TASK DESCRIPTION:
Below is a listing. Set down exactly the lines from the one containing "Концепция цифрового кочевника." through the one containing "прямых солнечных лучей.", both ends included, and leave out the rest.

EXTRACTED RECORDS:
-.-.-
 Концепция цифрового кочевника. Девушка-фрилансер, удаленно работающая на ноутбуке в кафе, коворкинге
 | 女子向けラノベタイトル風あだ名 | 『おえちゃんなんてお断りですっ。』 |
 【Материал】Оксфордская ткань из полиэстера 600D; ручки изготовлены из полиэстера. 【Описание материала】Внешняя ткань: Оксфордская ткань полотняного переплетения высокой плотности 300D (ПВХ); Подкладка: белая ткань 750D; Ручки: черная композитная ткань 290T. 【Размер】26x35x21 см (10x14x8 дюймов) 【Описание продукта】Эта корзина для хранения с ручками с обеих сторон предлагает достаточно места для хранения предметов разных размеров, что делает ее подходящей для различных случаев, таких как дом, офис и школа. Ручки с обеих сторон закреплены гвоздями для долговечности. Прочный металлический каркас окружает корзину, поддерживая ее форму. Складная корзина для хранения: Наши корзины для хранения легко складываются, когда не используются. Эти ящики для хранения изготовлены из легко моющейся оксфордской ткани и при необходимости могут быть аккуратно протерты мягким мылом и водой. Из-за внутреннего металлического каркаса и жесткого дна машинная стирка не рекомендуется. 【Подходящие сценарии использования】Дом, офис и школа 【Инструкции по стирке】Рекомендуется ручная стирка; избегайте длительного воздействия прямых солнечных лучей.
-.-.-
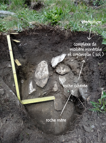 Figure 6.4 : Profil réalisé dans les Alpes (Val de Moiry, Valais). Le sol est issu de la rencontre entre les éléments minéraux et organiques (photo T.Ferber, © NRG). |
-.-.-
ANSWER AREA:
 Концепция цифрового кочевника. Девушка-фрилансер, удаленно работающая на ноутбуке в кафе, коворкинге
 | 女子向けラノベタイトル風あだ名 | 『おえちゃんなんてお断りですっ。』 |
 【Материал】Оксфордская ткань из полиэстера 600D; ручки изготовлены из полиэстера. 【Описание материала】Внешняя ткань: Оксфордская ткань полотняного переплетения высокой плотности 300D (ПВХ); Подкладка: белая ткань 750D; Ручки: черная композитная ткань 290T. 【Размер】26x35x21 см (10x14x8 дюймов) 【Описание продукта】Эта корзина для хранения с ручками с обеих сторон предлагает достаточно места для хранения предметов разных размеров, что делает ее подходящей для различных случаев, таких как дом, офис и школа. Ручки с обеих сторон закреплены гвоздями для долговечности. Прочный металлический каркас окружает корзину, поддерживая ее форму. Складная корзина для хранения: Наши корзины для хранения легко складываются, когда не используются. Эти ящики для хранения изготовлены из легко моющейся оксфордской ткани и при необходимости могут быть аккуратно протерты мягким мылом и водой. Из-за внутреннего металлического каркаса и жесткого дна машинная стирка не рекомендуется. 【Подходящие сценарии использования】Дом, офис и школа 【Инструкции по стирке】Рекомендуется ручная стирка; избегайте длительного воздействия прямых солнечных лучей.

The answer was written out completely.